The Utter Hypocrisy of Anthropic; and, How Anthropic Could Save the World From AI
Anthropic is more worried about AI than actual people. And, by losing its copyright lawsuit this December, it could potentially undermine the entire race to build AGI.
Do AIs Experience Anything When They Dream of Electric Sheep?
Last April, the Amazon-backed AI company Anthropic announced a new research program focused on what it calls “model welfare.” This refers to the possibility that AI systems like Anthropic’s Claude could have or acquire the capacity for consciousness, and hence experience things like pleasure and pain.

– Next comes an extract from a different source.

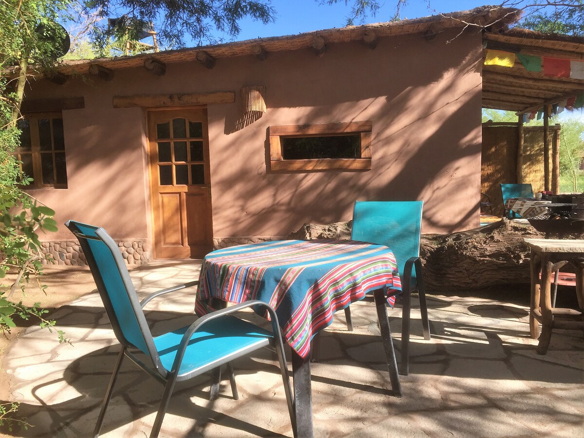 Cabina privada allunyada del centre turístic, a 3,5 km d'estil autòcton de San Pedro de Atacama (Adobe), on la vista descansa en el verd i la tranquil·litat de l'oasi. Cottage privat a 3,5 km del centre turístic. En l'estil arquitectònic local de la cultura de San Pedro ( a Adobe), en el camp i la tranquil·litat de l'oasi. Cabina privada allunyada del centre turístic, a 3,5 km d'estil natiu de San Pedro de Atacama (Adobe), on la vista descansa en el verd i la tranquil·litat de l'oasi. 100% energia solar.

Recall that current AIs are just autoregressive next-token predictors, i.e., statistical prediction engines that probabilistically patch together bits and pieces of the Internet to produce strings of tokens that look like human language. Borrowing a useful term from Emily Bender, Timnit Gebru, and others, AI is just stochastically parroting their training data — that’s all. It’s a kind of parlor trick, not unlike Vaucanson’s Flute Player or the Mechanical Turk.

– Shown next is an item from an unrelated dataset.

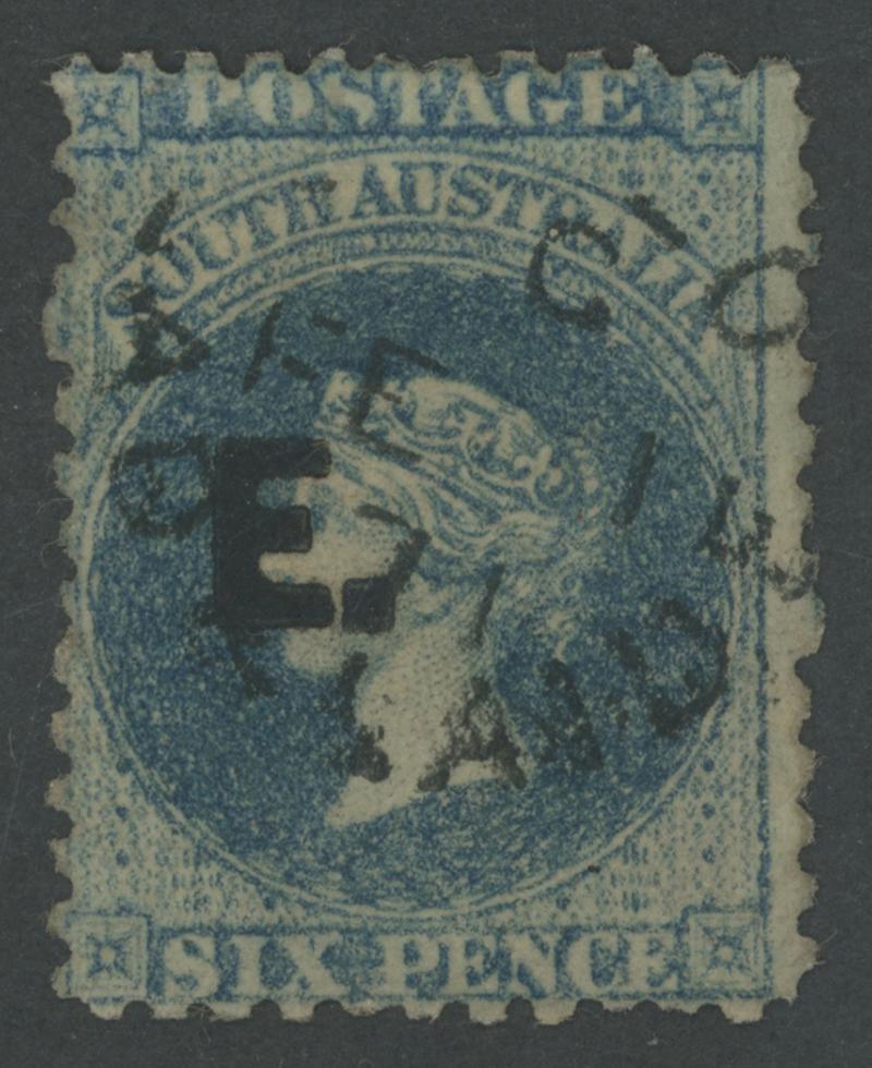 BLACK OVERPRINT: 'E.' on QV Perkins Bacon Large Star Wmk Perf 11½-12½ 6d Prussian blue SG DO202a, minor shallow thin, very fine strike of the rare 'HOYLETON/JA17/76/S-A' cds (rated RRR), Cat £350. Rated RRR. Ex Don Pearce: sold for $480 (Sale 247 Lot 313). Absent from 'Besancon'. (Image1)

But the stochastic parrot status of AI hasn’t stopped the Effective Altruists (EAs) at Anthropic from worrying about “model welfare.” The argument is that if AIs can feel pleasure or pain, then they should be included within our “circles of moral concern.”1 Just this month, Anthropic decided to give Claude
the ability to end conversations in our consumer chat interfaces. This ability is intended for use in rare, extreme cases of persistently harmful or abusive user interactions. This feature was developed primarily as part of our exploratory work on potential AI welfare ...

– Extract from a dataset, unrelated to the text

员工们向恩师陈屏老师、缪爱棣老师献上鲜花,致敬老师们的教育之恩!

Apparently, Elon Musk is going to add a “quit button” for Grok as well, in case Grok becomes disturbed by user interactions. Because, as Musk put it, “torturing AI is not ok.”
Some people praised these decisions. William MacAskill, a leading proponent of the EA-longtermist ideology that has massively influenced Anthropic and been embraced by Musk, wrote “Great to see!” in response to Musk’s tweets. He said that “I think this is the first meaningful action I’ve seen on model welfare” in response to Anthropic.2
Here’s my take on this: first of all, there’s absolutely no reason to believe that these types of systems are capable of having conscious experiences. Taking seriously the idea that they might be, or soon be, conscious is to fall victim to an anthropomorphic bias.3
We’re in the midst of a frightening flurry of tales about people believing that they’re able to talk to God or angels through AI, develop intimate (including sexualized) relationships with AI, and “wake up” their AI to become self-aware. All of this is the insidious result of anthropomorphic biases, which lead people to believe that AI is more than just glorified autocomplete. When MacAskill writes, “Sometimes, when an LLM has done a particularly good job, I give it a reward: I say it can write whatever it wants (including asking me to write whatever prompts it wants),” this too is an expression of that bias.
The LLMs (large language models) that power current AI are specifically trained to mimic human linguistic behavior, so it’s easy for gullible folks who don’t understand how LLMs work to think the system might be conscious, sentient, capable of suffering, or deserving of “a reward” (which humans, in the same situation, would appreciate, but which means literally nothing to AI).
Gerrymandered Circles of Moral Concern
What I find most appalling is the utter hypocrisy of the people who claim to care about “model welfare.” Not once have I seen MacAskill, for example, say anything about the actual harms that Anthropic has caused to real, living, breathing people — beings we know for a fact can actually suffer. He is, to my knowledge, completely silent about worker exploitation, intellectual property theft, and the fact that Anthropic is literally seeking investments from autocratic states like the UAE and Qatar.4
In a recently uncovered internal memo to Anthropic employees, CEO Dario Amodei admitted that the decision to accept money from these countries
would probably enrich “dictators” — something Amodei called a “real downside.” But, he wrote, the company can’t afford to ignore “a truly giant amount of capital in the Middle East, easily $100B or more.”
Further enriching dictators will have a very real impact on the lives of actual human beings living in those autocratic states, which severely limit the freedom of their citizens.
Even more, Anthropic is now facing the possibility of a class action lawsuit due to “its mass use of pirated books” — millions of them, Anthropic’s own lawyers concede — which could result in damages of well over $1 billion. NPR notes that
U.S. copyright law states willful copyright infringement can lead to statutory damages of up to $150,000 per infringed work. The ruling states Anthropic pirated more than 7 million copies of books. So the damages resulting from the upcoming trial could be huge.5
This has the potential to destroy the company. As Garrison Lovely reports about the situation,
the judge ruled last month, in essence, that Anthropic’s use of pirated books had violated copyright law, leaving it to a jury to decide how much the company owes for these violations. That number increases dramatically if the case proceeds as a class action, putting Anthropic on the hook for a vast number of books beyond those produced by the plaintiffs.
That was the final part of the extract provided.